#### Data in this exercise ####

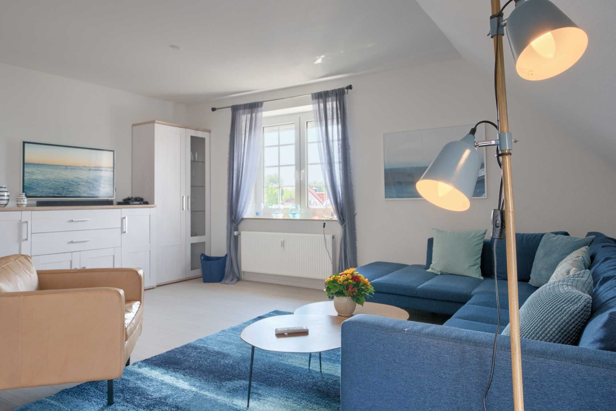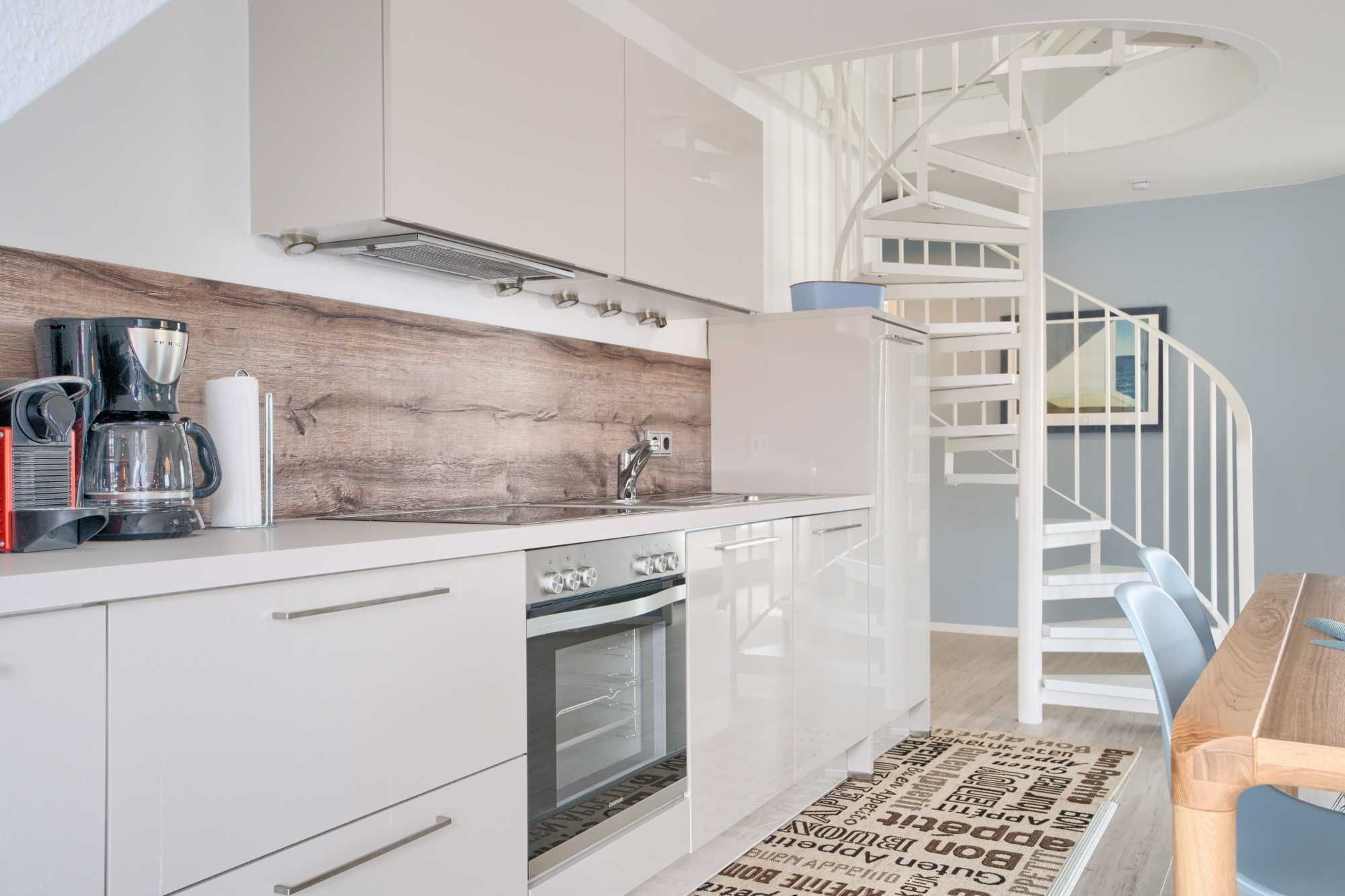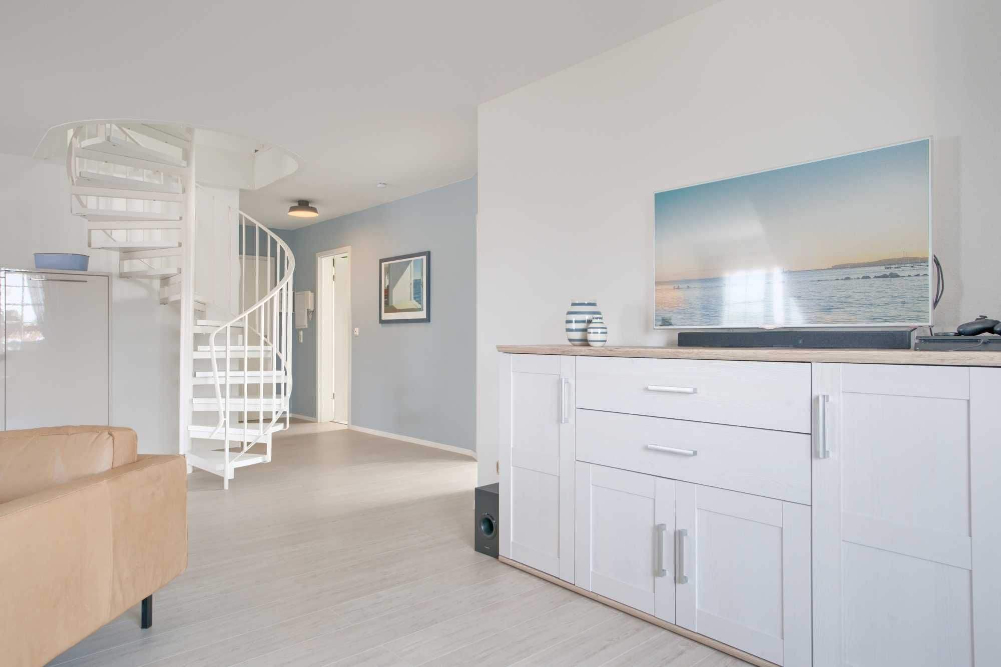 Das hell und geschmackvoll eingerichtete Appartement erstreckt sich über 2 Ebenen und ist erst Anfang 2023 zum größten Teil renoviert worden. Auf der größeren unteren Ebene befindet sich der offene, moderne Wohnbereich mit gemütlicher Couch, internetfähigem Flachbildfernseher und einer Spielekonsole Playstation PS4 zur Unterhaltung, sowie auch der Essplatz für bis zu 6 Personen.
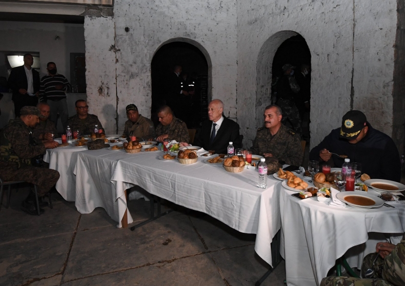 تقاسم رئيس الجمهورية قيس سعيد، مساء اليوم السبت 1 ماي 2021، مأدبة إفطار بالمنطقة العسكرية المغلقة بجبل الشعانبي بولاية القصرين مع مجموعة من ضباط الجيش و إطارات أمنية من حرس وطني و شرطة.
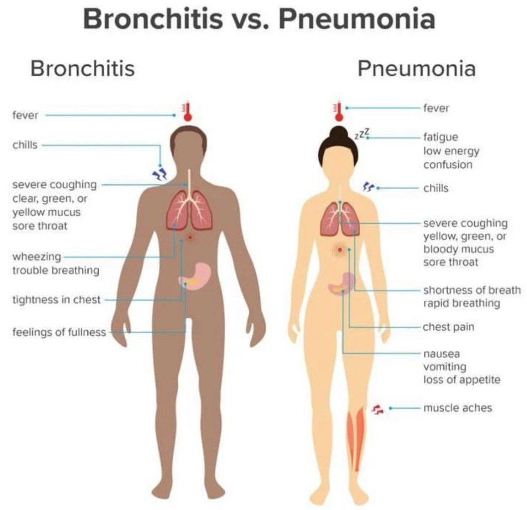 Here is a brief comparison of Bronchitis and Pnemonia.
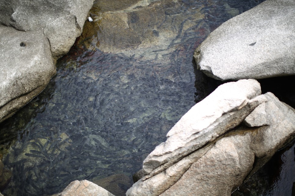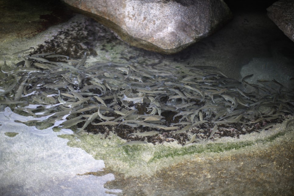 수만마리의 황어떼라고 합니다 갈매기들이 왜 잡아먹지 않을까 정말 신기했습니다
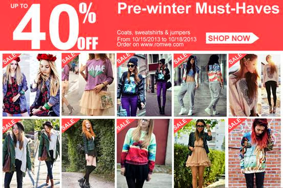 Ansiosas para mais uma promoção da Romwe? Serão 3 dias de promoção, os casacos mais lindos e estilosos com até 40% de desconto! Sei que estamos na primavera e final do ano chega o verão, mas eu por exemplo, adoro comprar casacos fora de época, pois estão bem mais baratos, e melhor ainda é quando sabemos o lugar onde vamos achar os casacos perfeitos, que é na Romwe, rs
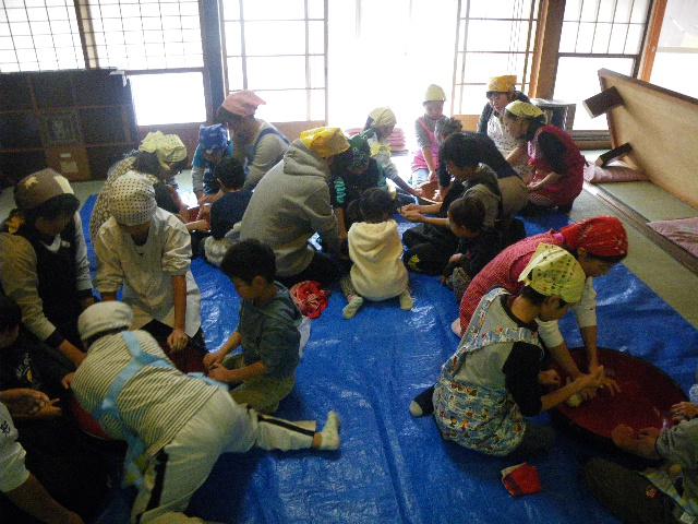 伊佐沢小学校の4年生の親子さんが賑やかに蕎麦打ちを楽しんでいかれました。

####
#### Data in this exercise ####

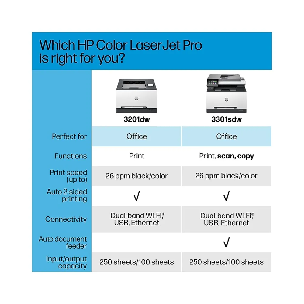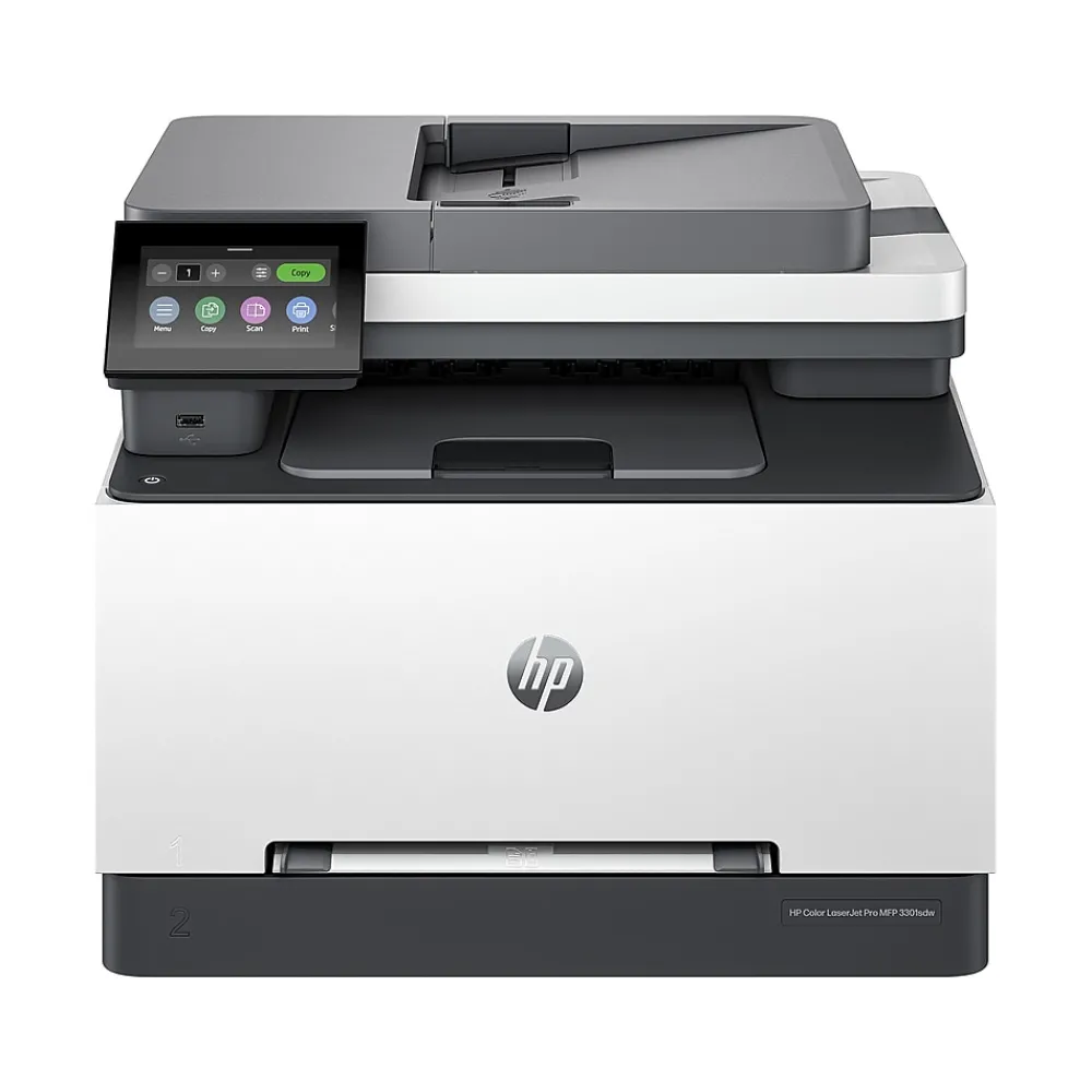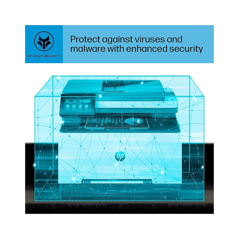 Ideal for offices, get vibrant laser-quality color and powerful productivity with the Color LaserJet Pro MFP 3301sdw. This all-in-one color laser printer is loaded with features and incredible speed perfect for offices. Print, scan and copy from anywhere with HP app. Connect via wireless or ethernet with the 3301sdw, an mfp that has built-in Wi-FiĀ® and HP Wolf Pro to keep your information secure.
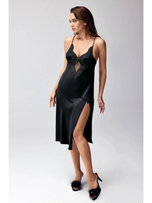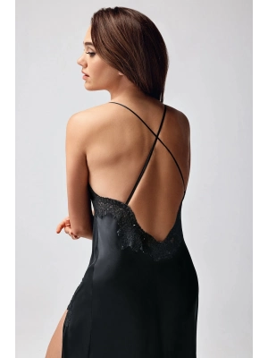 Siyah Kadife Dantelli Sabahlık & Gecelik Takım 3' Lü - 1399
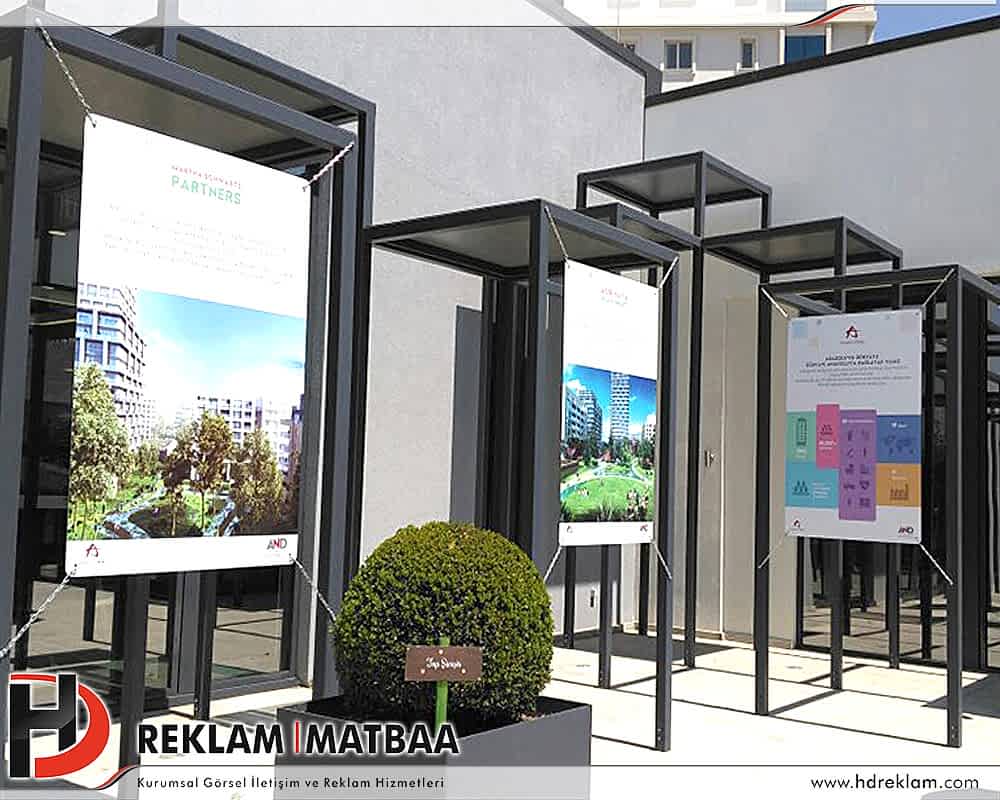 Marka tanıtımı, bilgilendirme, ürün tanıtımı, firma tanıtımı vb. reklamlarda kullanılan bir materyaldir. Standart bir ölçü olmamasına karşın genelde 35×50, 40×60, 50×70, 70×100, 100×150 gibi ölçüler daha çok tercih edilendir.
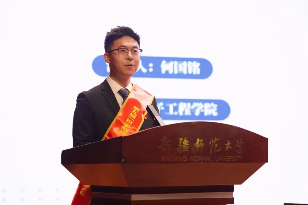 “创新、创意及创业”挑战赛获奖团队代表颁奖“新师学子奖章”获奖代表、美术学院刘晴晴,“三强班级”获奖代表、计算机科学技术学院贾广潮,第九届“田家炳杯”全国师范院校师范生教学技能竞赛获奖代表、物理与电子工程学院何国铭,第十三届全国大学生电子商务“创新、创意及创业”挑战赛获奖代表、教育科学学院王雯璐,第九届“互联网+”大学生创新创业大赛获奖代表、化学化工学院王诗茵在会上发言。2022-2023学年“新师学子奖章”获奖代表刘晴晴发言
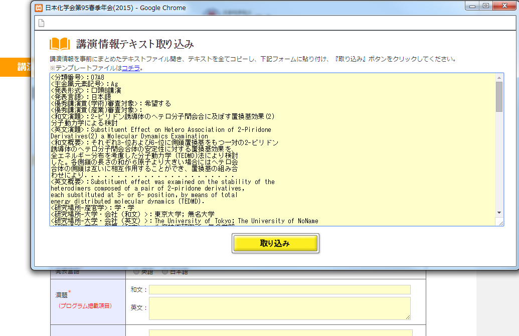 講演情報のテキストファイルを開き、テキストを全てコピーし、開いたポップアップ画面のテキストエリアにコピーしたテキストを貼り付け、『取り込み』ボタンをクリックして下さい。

####
#### Data in this exercise ####

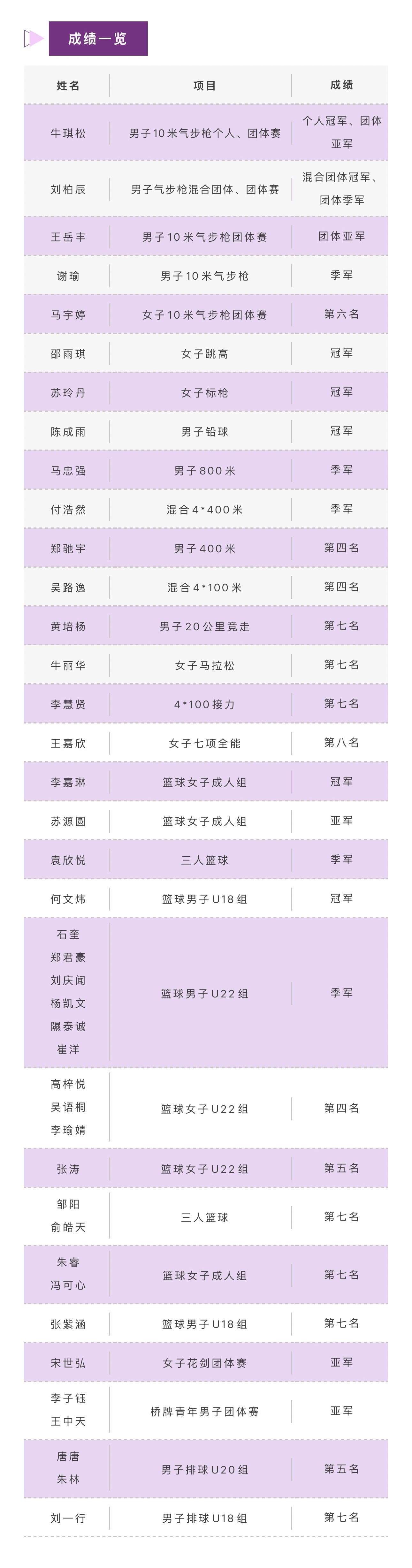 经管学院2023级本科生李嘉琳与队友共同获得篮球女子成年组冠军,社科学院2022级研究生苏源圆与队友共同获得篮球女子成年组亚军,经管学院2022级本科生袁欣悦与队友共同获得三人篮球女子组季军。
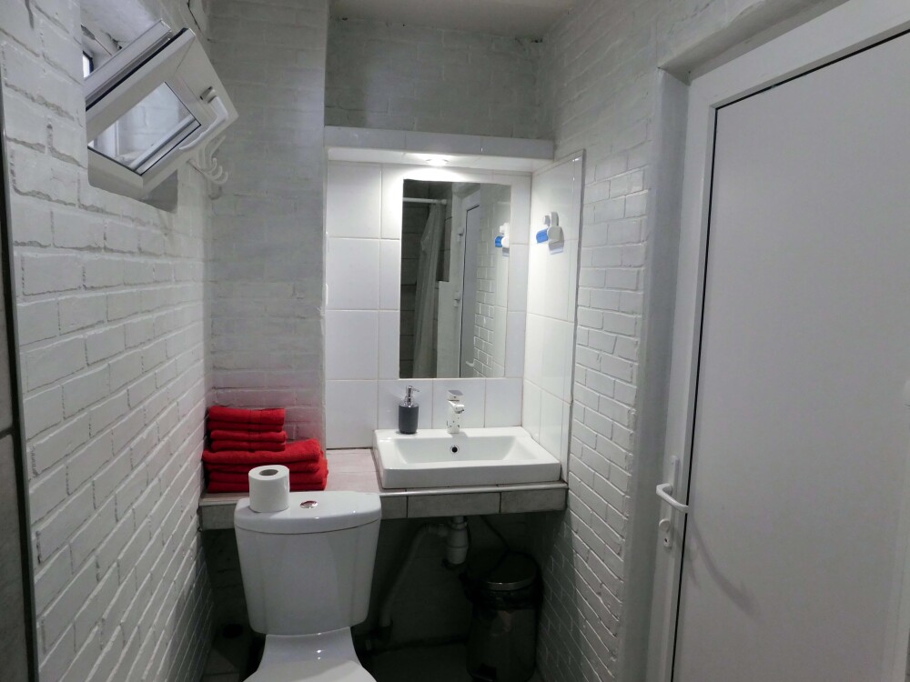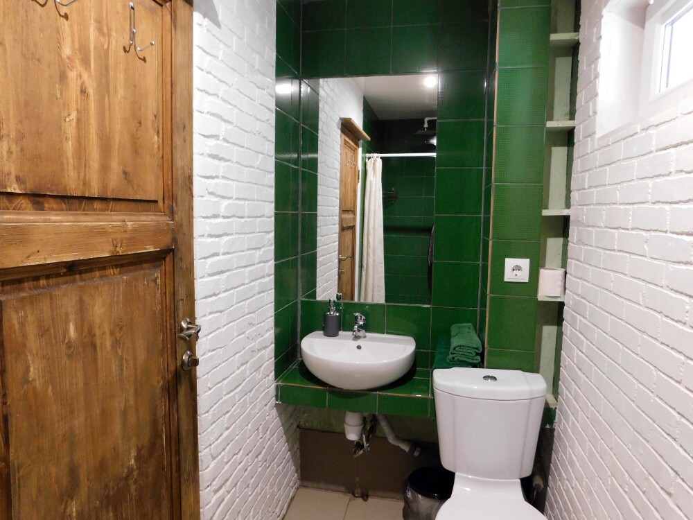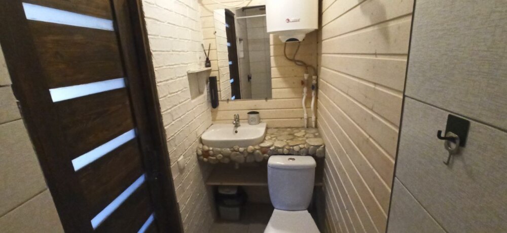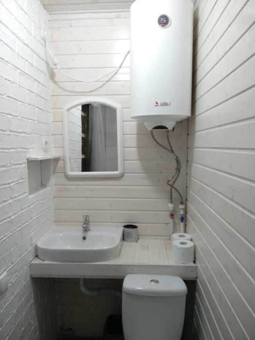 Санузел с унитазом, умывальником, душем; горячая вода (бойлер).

####

### Work task:
Reproduce exactly the lines of the data above that run from the line with "Siyah Kadife Dantelli" down to the line with "Marka tanıtımı, bilgilendirme, ürün", both ends included. Pictures do not belong in the copy.

### The answer:
 Siyah Kadife Dantelli Sabahlık & Gecelik Takım 3' Lü - 1399
 Marka tanıtımı, bilgilendirme, ürün tanıtımı, firma tanıtımı vb. reklamlarda kullanılan bir materyaldir. Standart bir ölçü olmamasına karşın genelde 35×50, 40×60, 50×70, 70×100, 100×150 gibi ölçüler daha çok tercih edilendir.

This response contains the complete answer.